Canadian Women in the Literary Arts: CWILA

In response to the recent VIDA conversation that came into Canada [see my own post on such here], Vancouver poet Gillian Jerome has created CWILA: Canadian Women in the Literary Arts, a new website and organization worth paying attention to, with a ton of interesting interviews. The site itself is here, and here is a fraction of the "About Us" page. You should become a member and donate. There's no reason at all that there aren't as many works discussed by women as there are discussed by men. Not a single reason.
About Us

CWILA (Canadian Women in the Literary Arts) is an inclusive national literary organization for people who share feminist values and see the importance of strong and active female perspectives and presences within the Canadian literary landscape.

CWILA was founded by poet and essayist Gillian Jerome in response to a conversation on gender representation in Canadian literary reviews that was started by poet, novelist, blogger and critic Sina Queryas on her blog  Lemon Hound and continued by poet, blogger and metalhead Natalie Zina Walschots (a.k.a. Nathalie Zed) on her blog www.nataliezed.ca. The conversation expanded to include a wide range of women active in various literary communities across the country calling for a discursive space to address the politics of representation, the critical reception of women’s writing in the literary press and the ways in which we can foster stronger critical communities of women of all ages including genderqueer writers, indigenous writers, as well as other women and/or genderqueer writers of colour.
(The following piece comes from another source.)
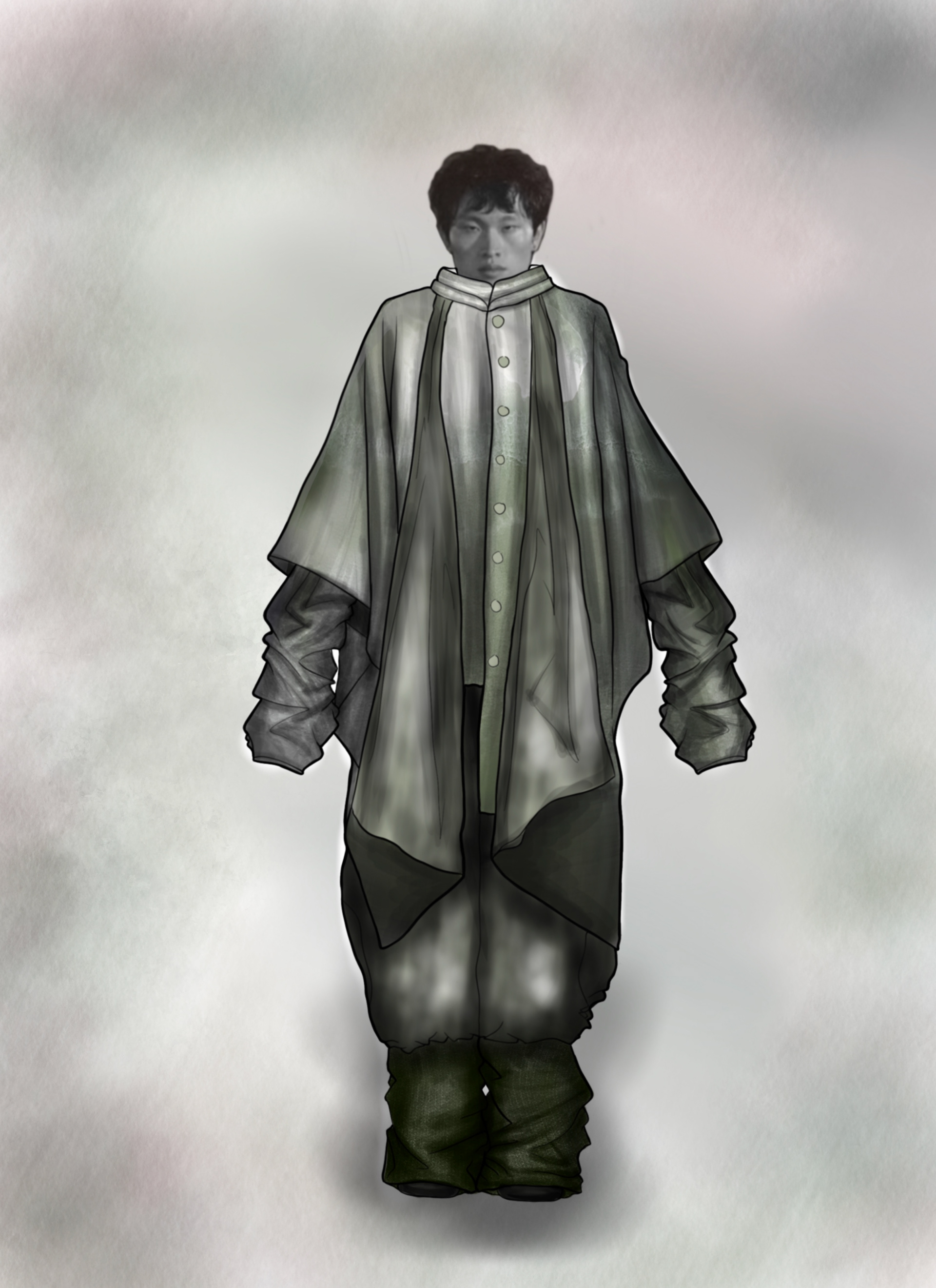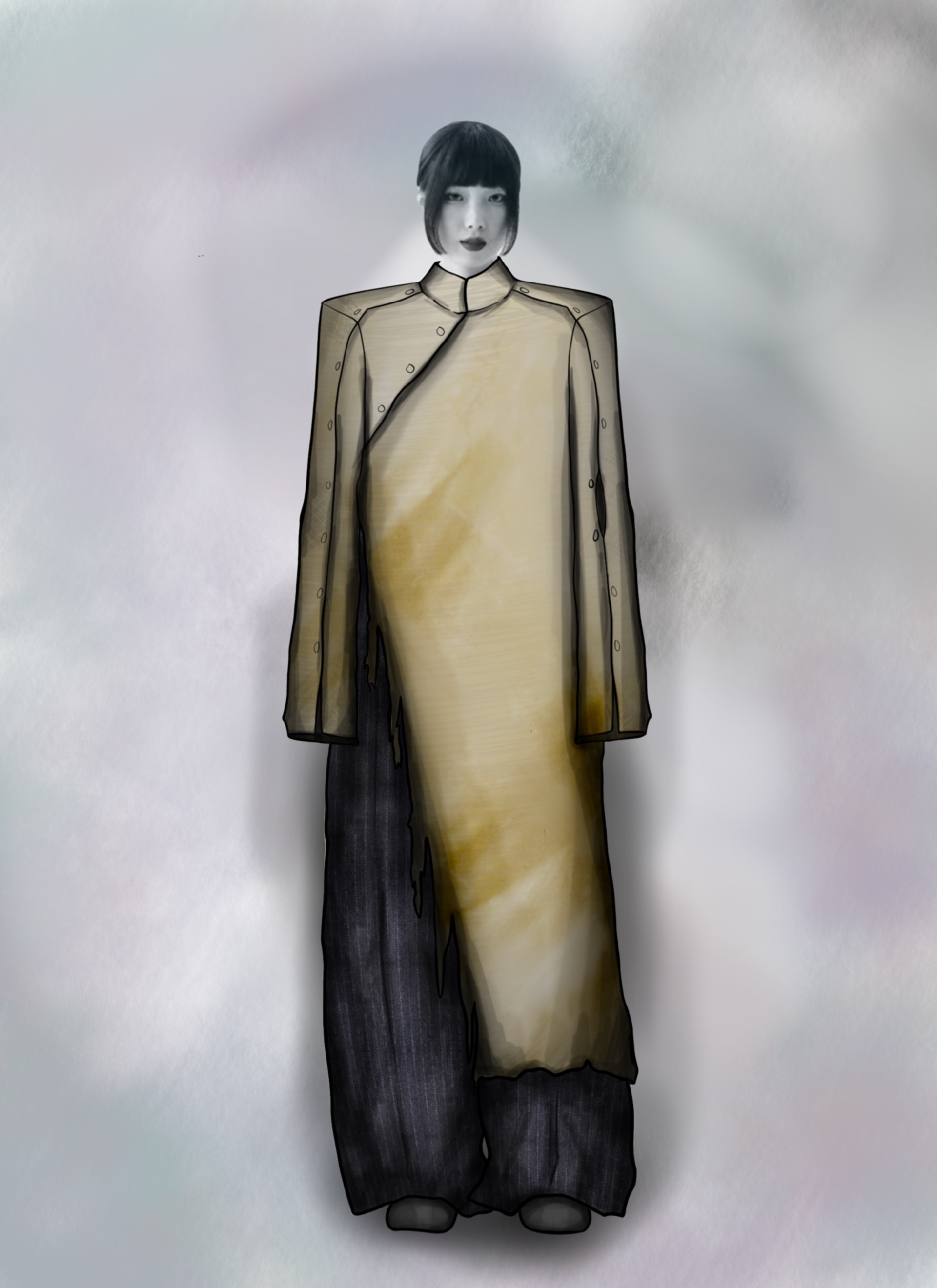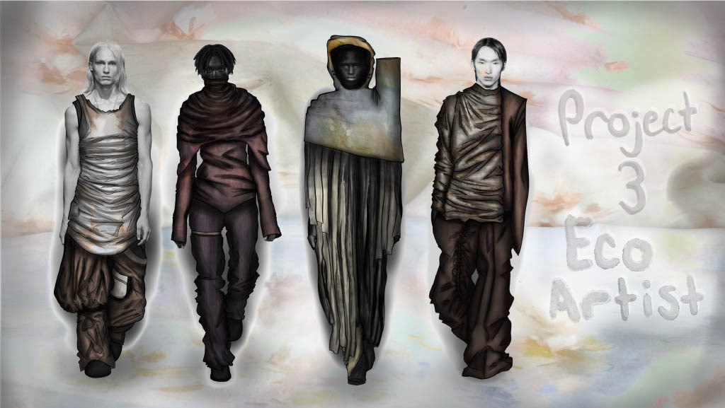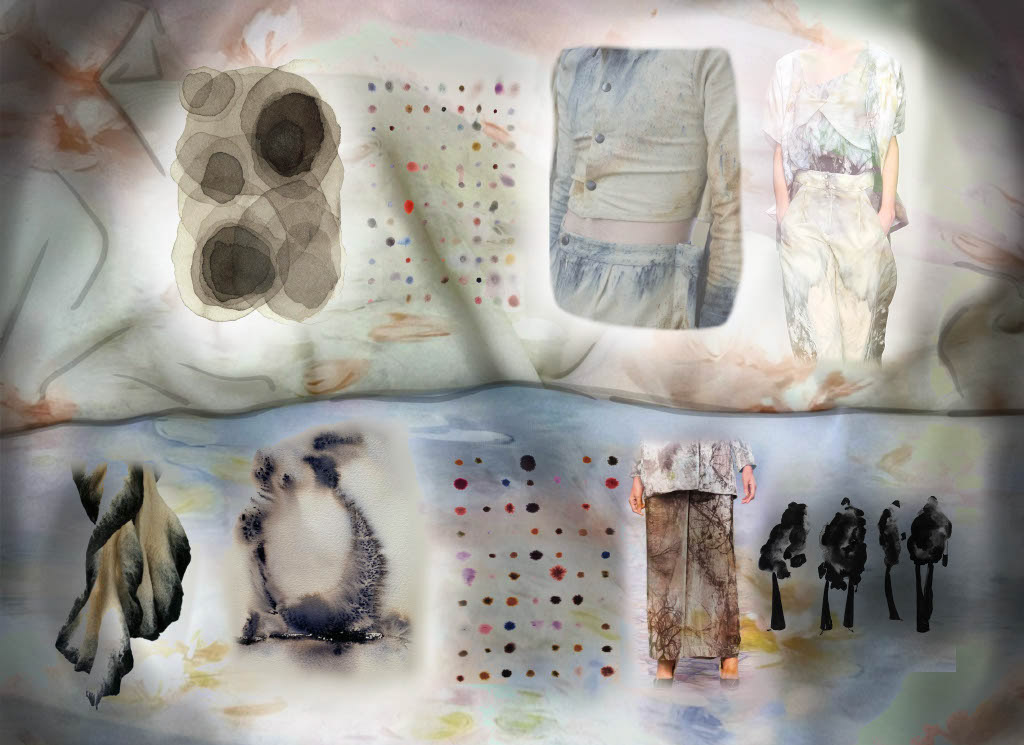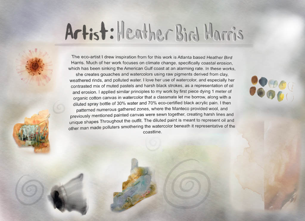 "The Language of the Eco-Artist" is a capsule collection centered around the study and integration of principles used by the American artist Heather Bird Harris. Fully conceived in Florence, Italy, students were provided three meters of wool by Manteco, a company known for circular luxury textiles. I paired this wool with a 10oz canvas I piece dyed with gouache, to emulate the raw pigments used in Heather Bird's works.

CWILA continues the path set by the US organization VIDA, founded in 2009 ”to address the need for female writers of literature to engage in conversations regarding the critical reception of women’s creative writing in our current culture.” VIDA conducts an annual project “to count the rates of publication between women and men in many of our writing world’s most respected literary outlets.” None of the literary outlets counted by VIDA are Canadian.

So in May 2012, CWILA members began a count to document the rates at which men and women were being published and reviewed in fourteen Canadian literary publications in 2011. The results can be viewed here.